繰り返しますが、今回ご紹介したCC/SACEMの指針は、SACEMメンバーに3つあるCCの非営利ライセンスのうち、いずれか1つを作品に利用ことを認めたものです。これらの作品は、SACEMとの協議内容に反さない非営利目的であれば共有することが出来ます(ライセンスで改変を許可している場合、リミックスも可能)。補足ですが、SACEMが営利目的の作品利用に関して使用料を要求することは、今後も変わらず行われることになっています。
SACEM管理委員長Bernard Miyetは今回のアプローチについて、問題視されている非営利の音楽シェア要求の声と、営利目的の作品に対する報酬の必要性とのバランスを保つ役割を果たすとして、以下のように述べています。
“この協定はメンバーのさまざまな手法、特にデジタル利用に関して適応しようとするSACEMの意欲を表しています。作者・作曲者・出版社にとっての利点は、作品の制作のための公平で効果的な報酬を得る可能性を維持しながらも、望むのであれば法的範囲内で、非営利目的の作品プロモーションが可能な事です。私は多くのクリエイターの期待に添うようバランスのとれた協定にたどり着いた事を誇りに思います。”
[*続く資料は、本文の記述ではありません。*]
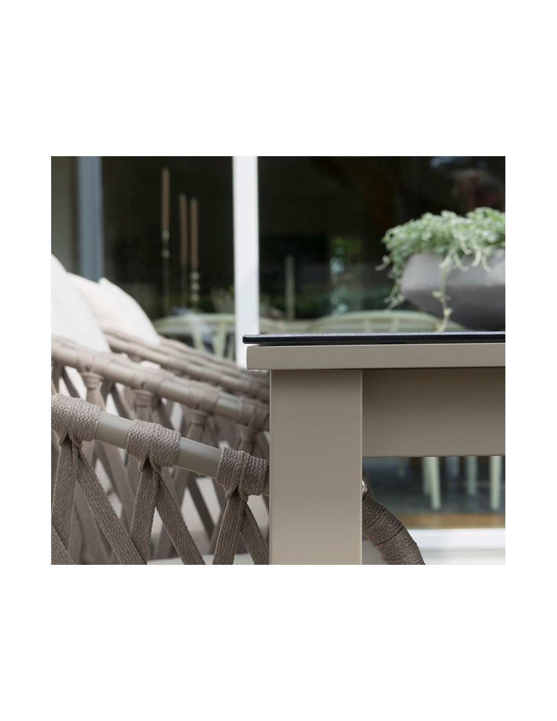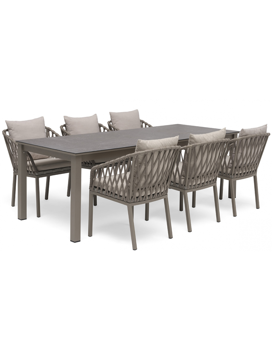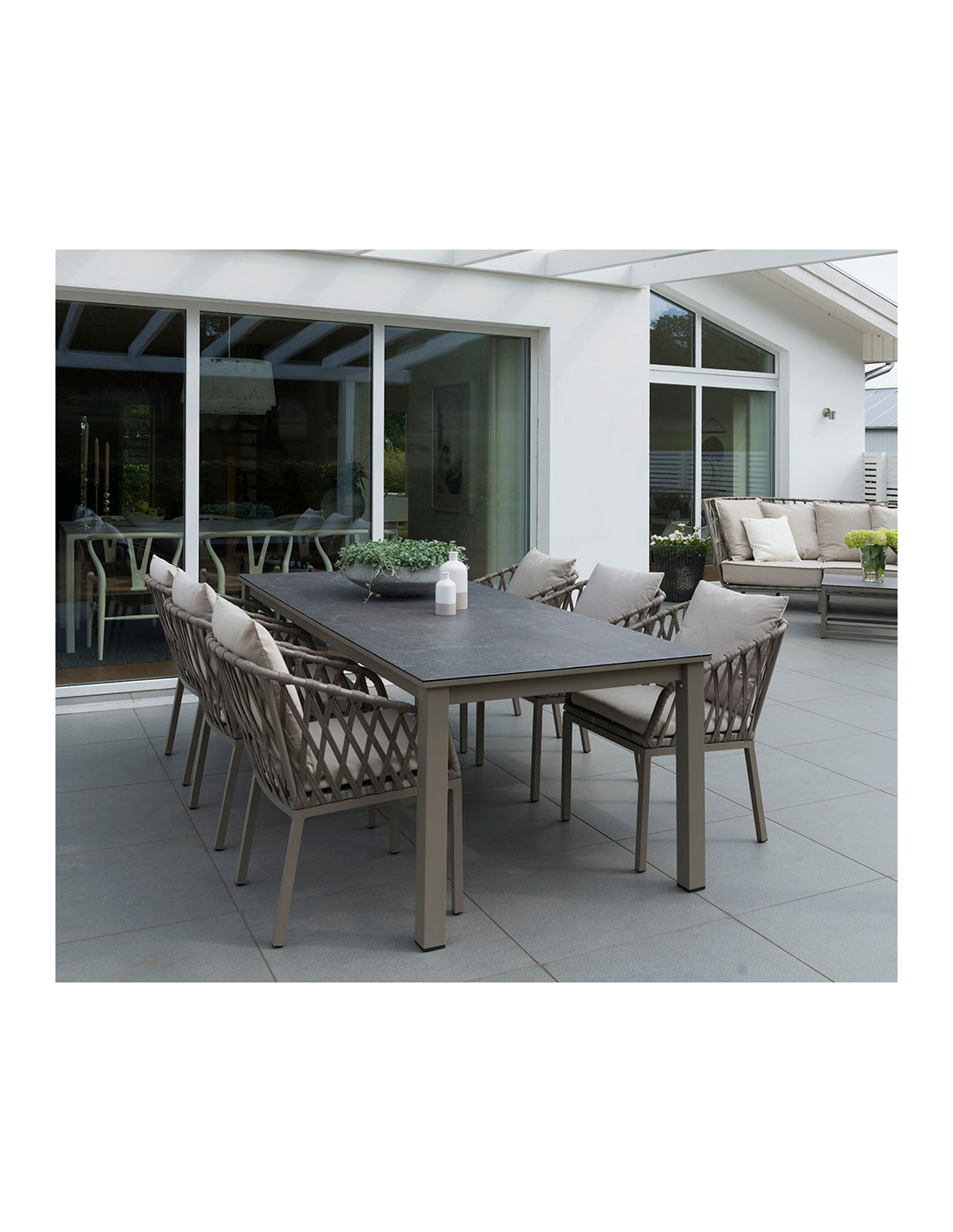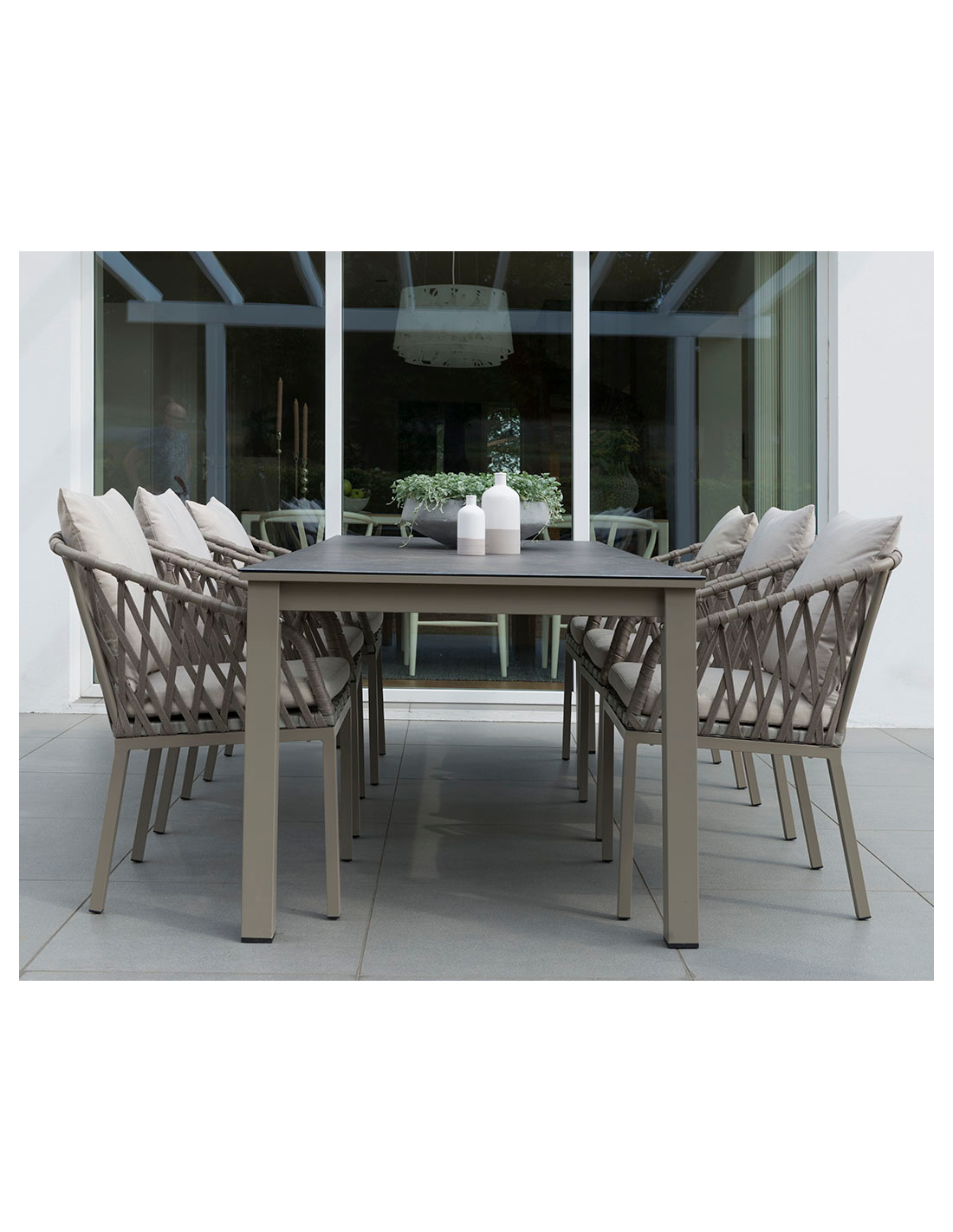 Moderne havebord fra Svenske Hillerstorp, udført i et stilrent design af gråbeige lakeret aluminium og grå keramisk glas. Bordet måler 72 cm i højden og 220 x 90 cm i bredde og dybde.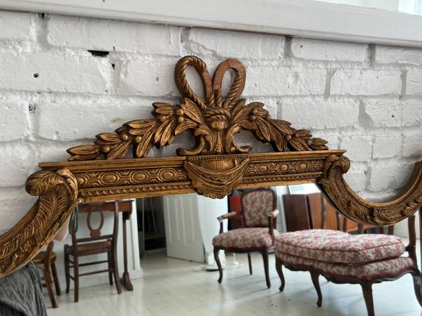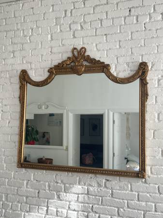 Ornate gold mirror with a bow on top is Rococo Revival style mirror.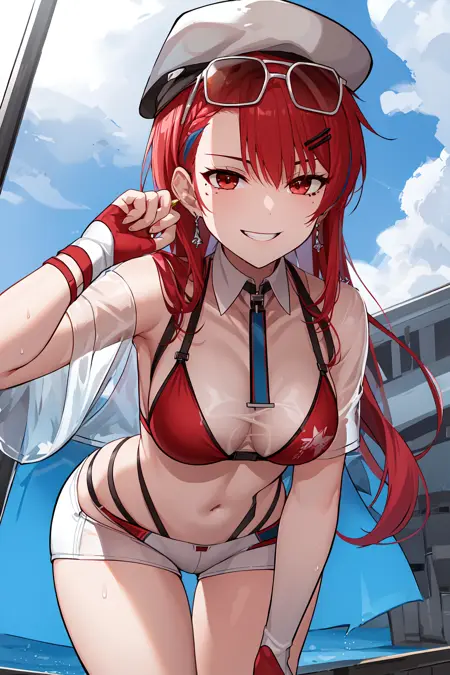 她的波浪弯曲涂层外观可通过以下提示调用:“lora:VeraPGRgarnetv1:strengthVerapgr_wabe, 双色编发, 太阳镜戴在头上, 鱼形耳环, 发夹, 尖顶帽, 透明领露脐上衣, 白色刀鞘, 红色比基尼, 无指手套, 蓝色指甲, 白色超短裤, 大腿绑带, 项圈,”。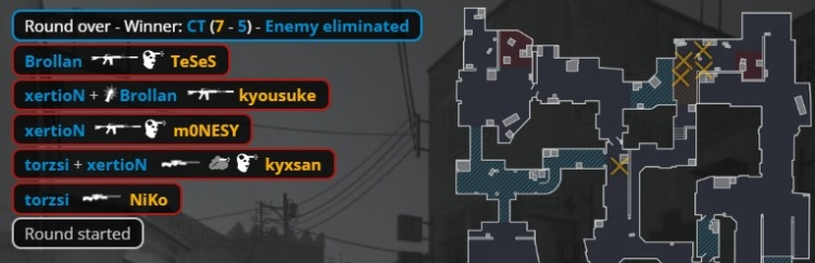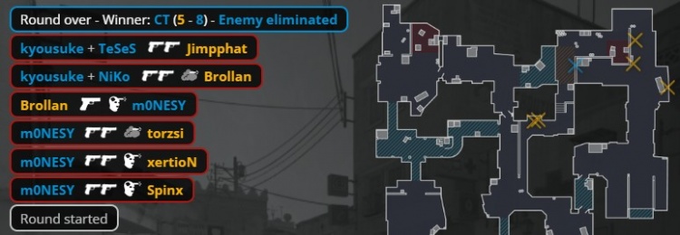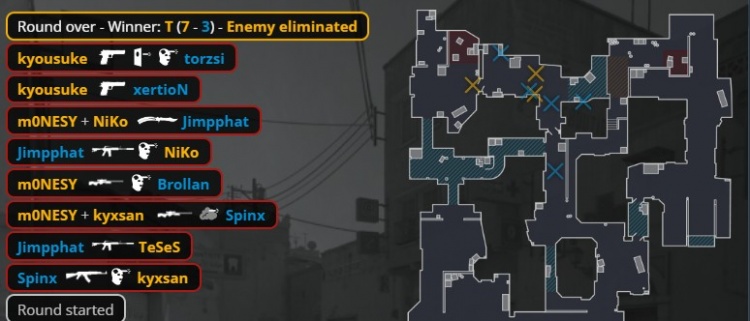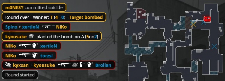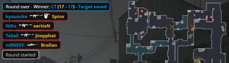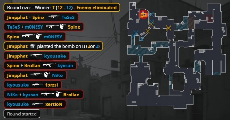 第24回合,京介无甲大狙,孩神拿到Niko的M4,Niko掏出MP5给到K3,自己拿到M4。MOUZ三人中路静音上A小,两人B1出中门,京介大狙B门轰掉出中门的xertion后再杀torzsi,小吉米进B双杀Niko与京介,Spinx打掉K3,残局2v2,小吉米在B下包,Spinx打掉孩神,龙哥残局1v2无力回天,双方12-12进加时赛。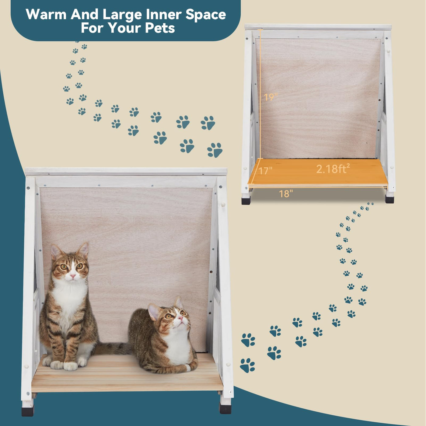 Unique Triangular Design: This outdoor cat house weatherproof(20''L x20''W x23''H) features a distinctive triangular shape adding a touch of style to your backyard or patio. The unique design stands out and provides a cozy shelter for your feline friend.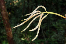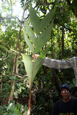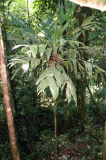 Field notes Solitary, erect, understory palm. Stem 4.5m long, 4cm thick. Leaves 20 per stem; sheath 27cm, open; rachis 90cm; lamina 112 x 40cm; pinnae 4 per side, basal 50cm, middle 45cm, apical 45cm. Prophyll 19cm long, 3cm thick; peduncular bract 30cm long, soft, brown; peduncle 41cm long, 1cm thick; rachis 7cm long, branched to 1st order; rachillae 6, 30cm long, 1cm thick; flowers sunken, white. Transect HB352-SU04.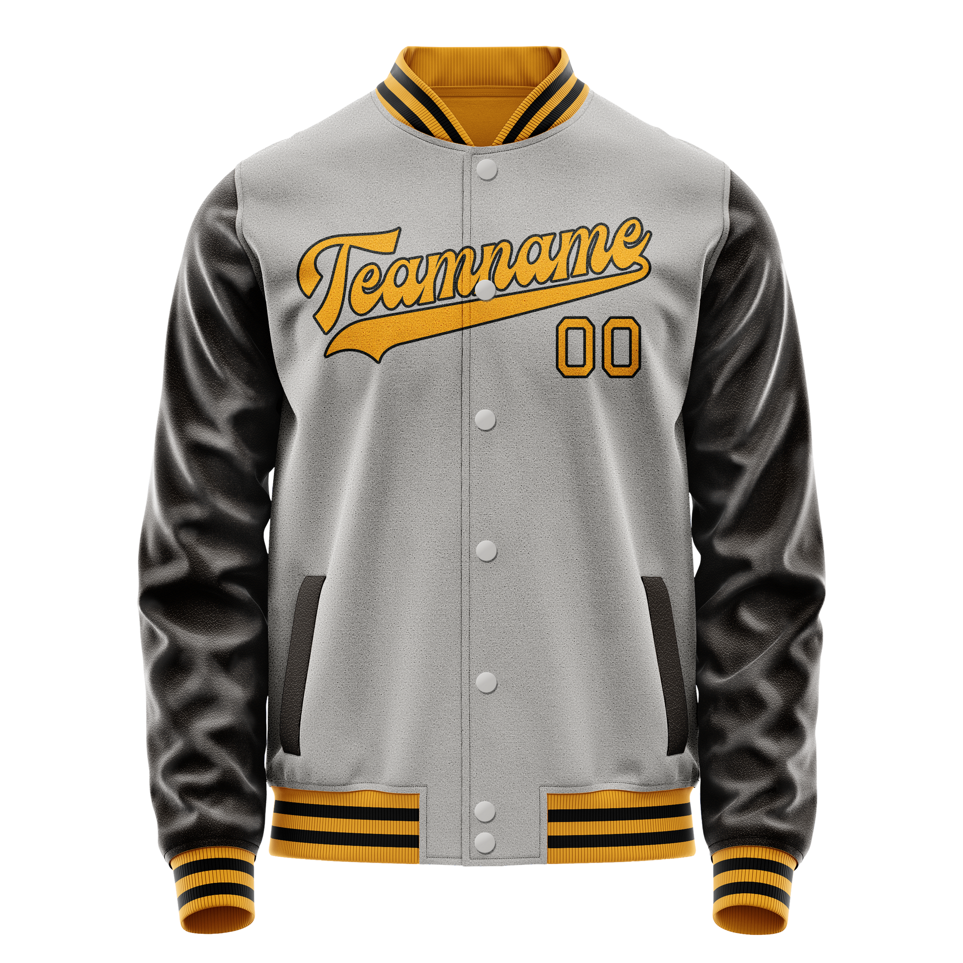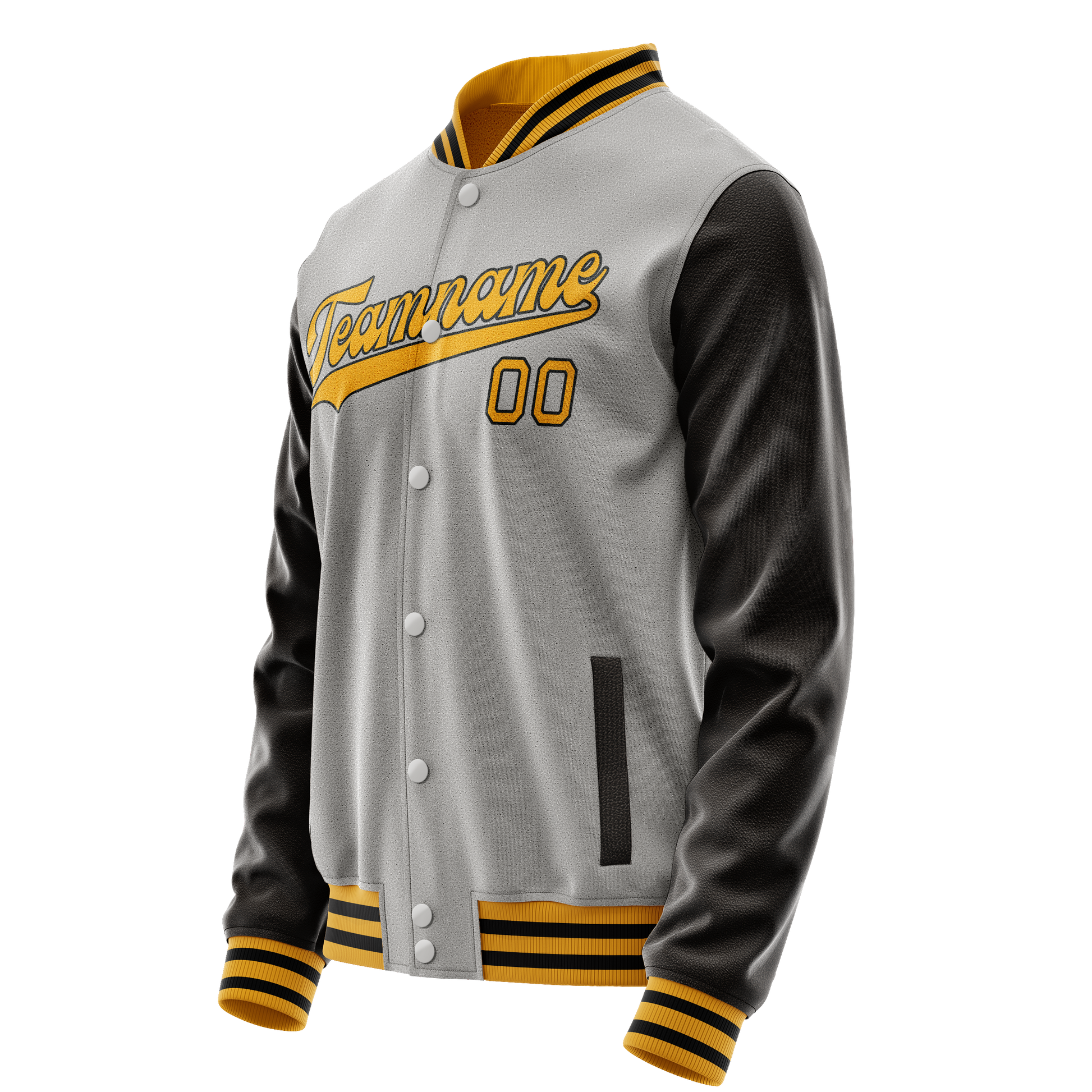Custom Gray Brown Solid Color Varsity Letterman Jacket

私たちCCは、SACEMがデジタル環境に適応する上で、より優れた柔軟性をもつCCライセンス利用をメンバーに認めてくれた事を喜ばしく思っています。そして、この指針がフランスのクリエイターに受け入れられるだけでなく、CCライセンス利用を未だメンバーに認めていない区域における多くの著作権管理団体への刺激として、全体的に役立つことを望んでいます。
SACEM関連FAQリストを含む指針についての詳細は、クリエイティブ・コモンズ・フランスのウェブサイトwikiもしくはSACEMウェブサイトでご確認いただけます。
訳注:原文のコメント欄にCCのVPであるMike Linksvayerが述べているように、アメリカではASCAPやBMI、SESACといった著作権管理団体に属しているアーティストがCCライセンスを使いたい場合は団体の許可を必要としません。これはフランスや他のほとんどの国と違い、アメリカにおいては権利管理団体との関係が排他的ではないからです。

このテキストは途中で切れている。